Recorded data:
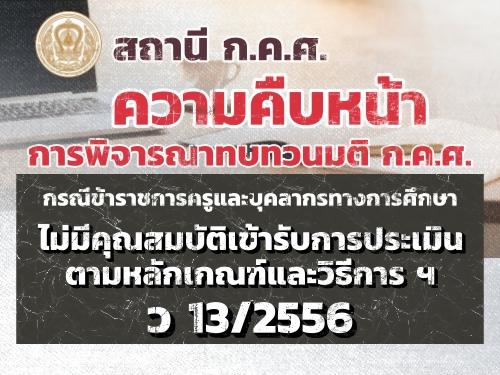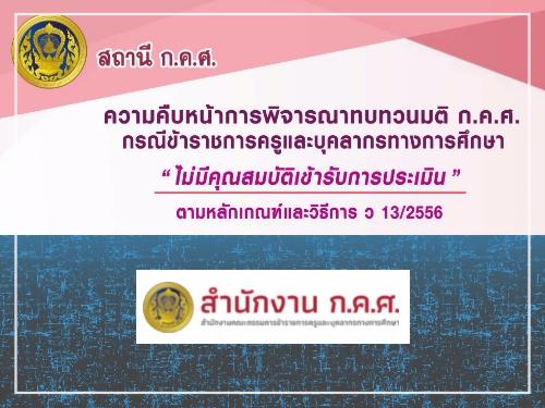 ความคืบหน้าการพิจารณาทบทวนมติ ก.ค.ศ. กรณีข้าราชการครูและบุคลากรทางการศึกษา ไม่มีคุณสมบัติเข้ารับการประเมินตามหลักเกณฑ์และวิธีการ ฯ ว 13/2556
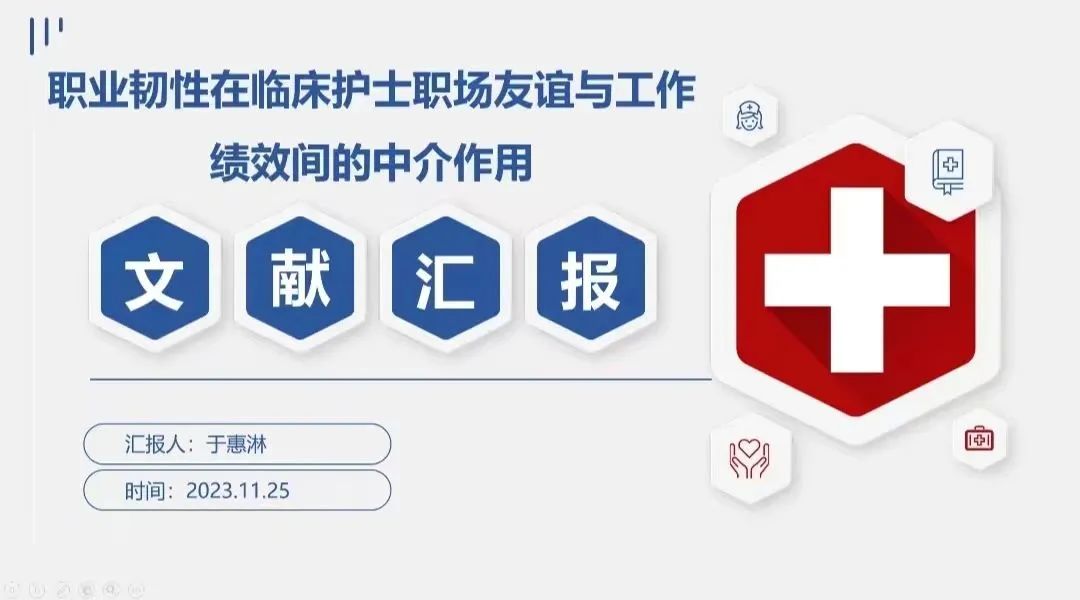 于惠淋同学汇报的文献为《职业韧性在临床护士职场友谊与工作绩效间的中介作用》,文献采用职场友谊量表、职业韧性量表、工作绩效量表对临床护士进行调查,探讨临床护士职场友谊、职业韧性以及工作绩效之间的关系,得出结论为职场友谊可直接预测工作绩效,职业韧性在两者间起中介作用,并提出护理管理者可通过营造良好的工作氛围,帮助临床护士建立稳固的职场友谊,进而增强其职业韧性,以提升工作绩效,为提升临床护士工作绩效提供建议。
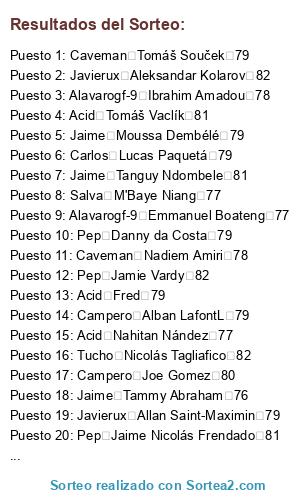 Lista de participantes: Dani Aaron Wan-Bissaka 79, Carlos Abdou Diallo 79, Campero Abdoulaye Doucouré 81, Jaime Achraf HakimiL 79, A12yz12yz Adama Traoré 76, Caveman Adrien Rabiot 83, Jaime Agustín Marchesín 78, Campero Alban LafontL 79, Dani Alejandro Gómez 85, Javierux Aleksandar Kolarov 82, Alavarogf-9 Alessandro Florenzi 81, Dani Alessio Cragno 81, Caveman Alex Meret 78, Campero Alex Oxlade-Chamberlain 80, Alavarogf-9 Alex Teixeira 79, Campero Alex Telles 84, Tucho Alexandr Golovin 79, Javierux Alexandre Lacazette 86, Pep Allan 85, Javierux Allan Saint-Maximin 79, Caveman Alphonse Areola 82, Carlos Ander Herrera 82, Salva André Gomes 80, Jaime André Onana 82, Carlos Andrea Belotti 82, Javierux Andrea Consigli 81, Caveman Andrej Kramarić 83, Carlos Andrey Lunev 79, A12yz12yz Andriy Lunin 76, Pep Ángel Correa 82, Lucas Ángel Di María 86, Javierux Angeliño 79, Alavarogf-9 Ante Rebić 80, Carlos Anthony Martial 83, Salva Antonio Rüdiger 82, Carlos Arthur 84, Tucho Arthur Masuaku 76, A12yz12yz Arturo Vidal 84, Carlos Azpilicueta 84, Alavarogf-9 Badou Ndiaye 76, Jaime Benjamin Pavard 79, Pep Benjamin Verbič 79, Javierux Bernat 80, Acid Bernd Leno 84, Campero Bruma 78, Acid Bruno Fernandes 85, A12yz12yz Capa 78, Pep Cédric Bakambu 82, Salva Chris Smalling 80, Dani Christian Luyindama 77, Carlos Christian Pulisic 79, Jaime Ciro Immobile 86, Caveman Clément Lenglet 85, Pep Cristian Pavón 78, Tucho Damián Suárez 79, Carlos Dani CeballosL 81, Tucho Daniele Rugani 82, Pep Danny da Costa 79, Dani David Abraham 78, Acid David Neres 81, Salva Davinson Sánchez 83, A12yz12yz Dayot Upamecano 77, Acid DeAndre Yedlin 76, Pep Denis Cheryshev 79, Carlos Denis Zakaria 78, Tucho Denzel Dumfries 78, A12yz12yz Deulofeu 80, A12yz12yz Diego Carlos 79, Tucho Divock Origi 78, Salva Dominik Livaković 79, Caveman Donny van de Beek 81, A12yz12yz Douglas Costa 84, Acid Éder Militão 81, Dani Edgar Manuel Guichón 78, Carlos Eduardo Salvio 80, Lucas Egidio Maestre Schetino 82, Carlos Elseid Hysaj 80, Caveman Emre Can 81, Pep Enzo Martín Riquero 79, Acid Eric Bailly 80, A12yz12yz Esteban Andrada 79, Lucas Éver Banega 83, Lucas Exequiel Palacios 77, Acid Ezequiel Lavezzi 79, Lucas Fabricio Bustos 77, Javierux Federico Valverde 77, Alavarogf-9 Ferland Mendy 80, Caveman Filip Kostić 82, Javierux Francis Coquelin 80, Salva Franck Yannick Kessié 79, Alavarogf-9 Frank Acheampong 77, Alavarogf-9 Frank Fabra 77, Acid Fred 79, Carlos Frenkie de Jong 85, Caveman Gabriel Jesus 82, Pep Gabriel Paulista 82, Alavarogf-9 Gareth Bale 85, Carlos Gayà 80, Salva Gelson Martins 82, Javierux Geoffrey Kondogbia 81, Alavarogf-9 Georgiy Dzhikiya 78, Lucas Gerónimo Rulli 81, Lucas Giovani Lo Celso 83, Tucho Grimaldo 83, Campero Héctor Herrera 82, Campero Henrikh Mkhitaryan 81, Acid Henry Onyekuru 78, Acid Hirving Lozano 82, Dani Houssem Aouar 81, Jaime Ibrahima Konaté 79, Jaime Idrissa Gueye 83, Campero Iñaki Williams 82, Lucas Jadon Sancho 84, Pep Jaime Nicolás Frendado 81, Pep Jamie Vardy 82, Pep Jaume 76, Tucho Jean-Paul Boëtius 78, Acid Jean-Philippe Gbamin 79, Javierux Jérôme Boateng 84, Salva Jérôme Roussillon 82, Salva Jesse Lingard 82, A12yz12yz Jesús Navas 82, Javierux Jiří Pavlenka 84, Alavarogf-9 Joakim Mæhle 77, Campero João Cancelo 84, Dani João Félix 80, Lucas Joaquín Correa 80, Campero Joe Gomez 80, Caveman Joel Matip 82, Tucho Joel Robles 78, Jaime Jonathan Ikoné 78, Caveman Jordan Lukaku 77, Campero Jordan Pickford 83, Carlos Josef Martínez 81, Acid Josué Chiamulera 83, Javierux Juan Cuadrado 83, Lucas Juan Musso 78, Jaime Julian Brandt 84, Caveman Julian Draxler 83, Acid Junior Firpo 79, Alavarogf-9 Kai Havertz 84, Caveman Karim Bellarabi 82, Tucho Keita Baldé 80, Alavarogf-9 Kepa 84, Dani Kerem Demirbay 82, Carlos Kevin Mbabu 77, Tucho Kevin Vogt 80, A12yz12yz Kieran Tierney 76, Caveman Kingsley Coman 84, A12yz12yz Kostas Manolas 85, Dani Kyle Walker 84, Dani Lautaro Martínez 81, Lucas Leandro Paredes 80, Caveman Leon Bailey 82, Alavarogf-9 Leon Goretzka 84, Javierux Leonardo Pavoletti 78, Lucas Leonardo Sigali 79, Tucho Leroy Sané 86, Lucas Lisandro López 81, Lucas Lisandro Martínez 77, Jaime Lorenzo Pellegrini 79, Dani Loris KariusL 79, Alavarogf-9 Lucas Hernández 84, Salva Lucas Moura 83, Campero Luis Muriel 80, Alavarogf-9 Łukasz Fabiański 82, Alavarogf-9 Manuel Akanji 83, Tucho Manuel Lazzari 79, Javierux Marcano 79, Lucas Marcos Acuña 81, Salva Marcus Rashford 83, Jaime Mario Hermoso 80, Pep Mário Rui 79, Campero Marouane Fellaini 76, Dani Martin ØdegaardL 78, A12yz12yz Mateo Kovačić 82, Salva Matías Vargas 77, Caveman Matías Zaracho 78, Salva Mattia Perin 82, Salva M'Baye Niang 77, Dani Memphis Depay 84, A12yz12yz Michail Antonio 78, Javierux Milot Rashica 79, Tucho Morales 81, Jaime Moussa Dembélé 79, Alavarogf-9 Moussa Marega 80, Acid Moussa Sissoko 81, Salva Nabil Fekir 84, Campero Naby Keïta 82, Dani Nacho Fernández 82, Jaime Nathan Aké 81, Lucas Nélson Semedo 82, Jaime Nico Schulz 82, Lucas Nicolás Otamendi 83, Campero Nicolas Pépé 83, Lucas Nicolás Tagliafico 82, Tucho Ogenyi Onazi 76, Carlos Ousmane Dembélé 84, Jaime Oyarzabal 82, Pep Paulinho 84, Tucho Piotr Zieliński 81, Carlos Presnel Kimpembe 82, Javierux Quincy Promes 82, Javierux Radja Nainggolan 83, Campero Raphaël Varane 85, Salva Raphinha 79, Caveman Renato Sanches 76, Salva Renzo Saravia 78, Caveman Ricardo Pereira 82, Salva Richarlison 79, Alavarogf-9 Riyad Mahrez 84, A12yz12yz Rodrigo 83, Pep Rodrygo 76, A12yz12yz Ronaldo Esler 78, Campero Rúben Dias 80, A12yz12yz Ryan Fraser 81, A12yz12yz Sander Berge 79, Acid Santiago Arias 79, Javierux Sebastian Giovinco 81, A12yz12yz Segundo Mandíquez 81, Campero Serge Gnabry 84, Dani Sergi Roberto 82, Pep Sergio Asenjo 82, Pep Sokratis 84, Dani Stanislav Lobotka 79, Dani Stephan El Shaarawy 82, Jaime Steven Bergwijn 82, Javierux Taison 82, Jaime Tanguy Ndombele 81, Campero Theo Hernández 76, Caveman Thilo Kehrer 79, Pep Thomas Delan
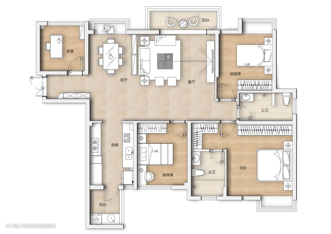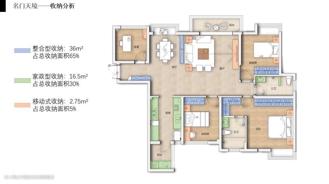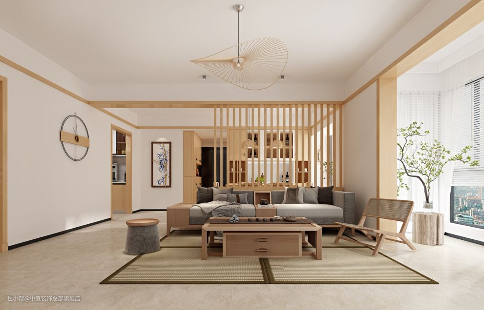 业主需求:一家四口人,两个女儿,家里请有阿姨,这套房预计住5年时间,要喜欢的日式风格,不过预算投入不多,要性价比最高。要求收纳空间够多,同时合理规划。
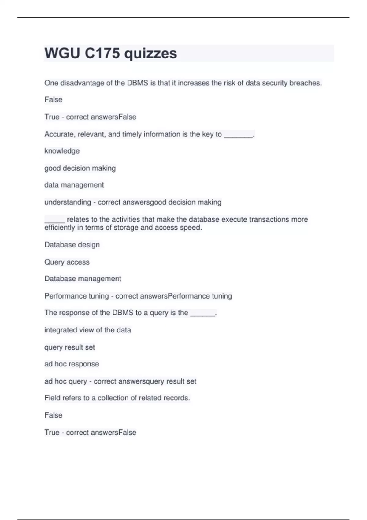 WGU C175 quizzes One disadvantage of the DBMS is that it increases the risk of data security breaches. False True - correct answersFalse Accurate, relevant, and timely information is the key to _______. knowledge good decision making data management understanding - correct answersgood decision making _____ relates to the activities that make the database execute transactions more efficiently in terms of storage and access speed. Database design Query access Database management Performance tuning - correct answersPerformance tuning The response of the DBMS to a query is the ______. integrated view of the data query result set ad hoc response ad hoc query - correct answersquery result set Field refers to a collection of related records. False True - correct answersFalse The DBMS uses the ________ to look up the required data component structures and relationships, thus relieving programmers from having to code such complex relationships in each program. - correct answersdata dictionary A(n) ________ is a collection of programs that manages the database structure and controls access to the data stored in the database. - correct answersdatabase management system A _____ is a character or group of characters that has a specific meaning. file record field database - correct answersfield Data warehouse contains historical data obtained from the_____. desktop database enterprise databases workgroup databases operational databases - correct answersoperational databases
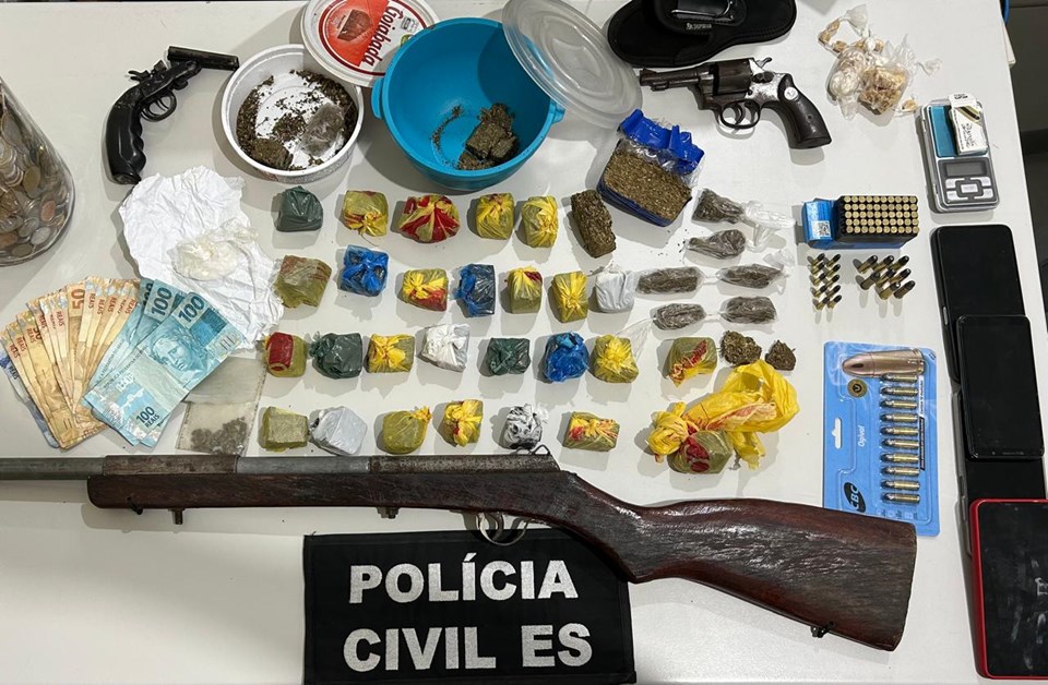 Durante a ação, foram apreendidos diversos materiais, entre eles um revólver calibre 32, uma espingarda de fabricação caseira calibre 12, uma garrucha calibre 22 com dois canos, cerca de 30 gramas de crack, aproximadamente 885 gramas de maconha, 20 gramas de cocaína, 61 munições calibre 22 e 18 munições calibre 32, uma balança de precisão, centenas de embalagens para acondicionamento de drogas e R$ 1.230,00 em dinheiro proveniente da venda de entorpecentes.
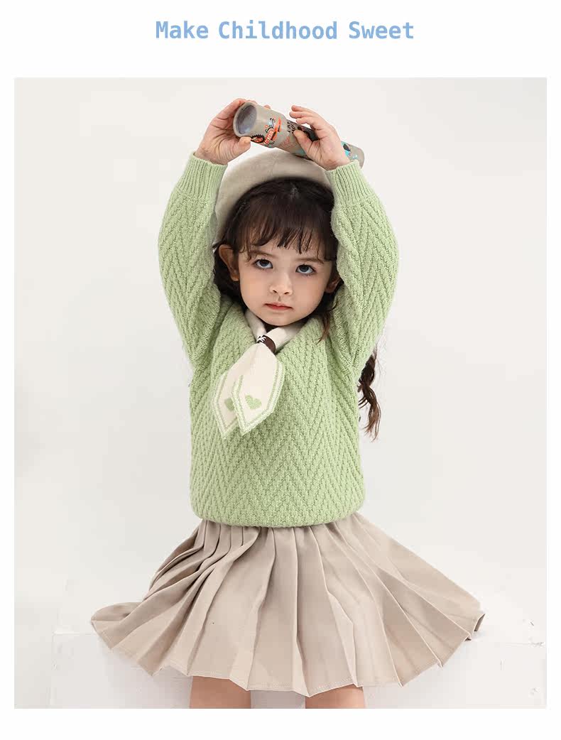 Зеленый детский весенний трикотажный базовый приятный телу свитер, в западном стиле
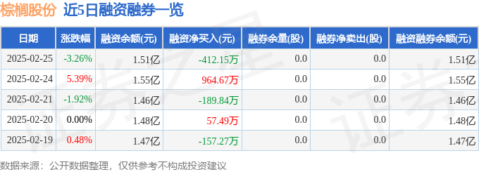 棕榈股份融资融券信息显示,融资方面,当日融资买入560.9万元,融资偿还973.06万元,融资净偿还412.15万元。融券方面,融券卖出0.0股,融券偿还0.0股,融券余量0.0股,融券余额0.0万元。融资融券余额1.51亿元。

▶ To do
With pictures removed, write out exactly each line of the entries from the first through the line that holds "于惠淋同学汇报的文献为《职业".

▶ Task response
 ความคืบหน้าการพิจารณาทบทวนมติ ก.ค.ศ. กรณีข้าราชการครูและบุคลากรทางการศึกษา ไม่มีคุณสมบัติเข้ารับการประเมินตามหลักเกณฑ์และวิธีการ ฯ ว 13/2556
 于惠淋同学汇报的文献为《职业韧性在临床护士职场友谊与工作绩效间的中介作用》,文献采用职场友谊量表、职业韧性量表、工作绩效量表对临床护士进行调查,探讨临床护士职场友谊、职业韧性以及工作绩效之间的关系,得出结论为职场友谊可直接预测工作绩效,职业韧性在两者间起中介作用,并提出护理管理者可通过营造良好的工作氛围,帮助临床护士建立稳固的职场友谊,进而增强其职业韧性,以提升工作绩效,为提升临床护士工作绩效提供建议。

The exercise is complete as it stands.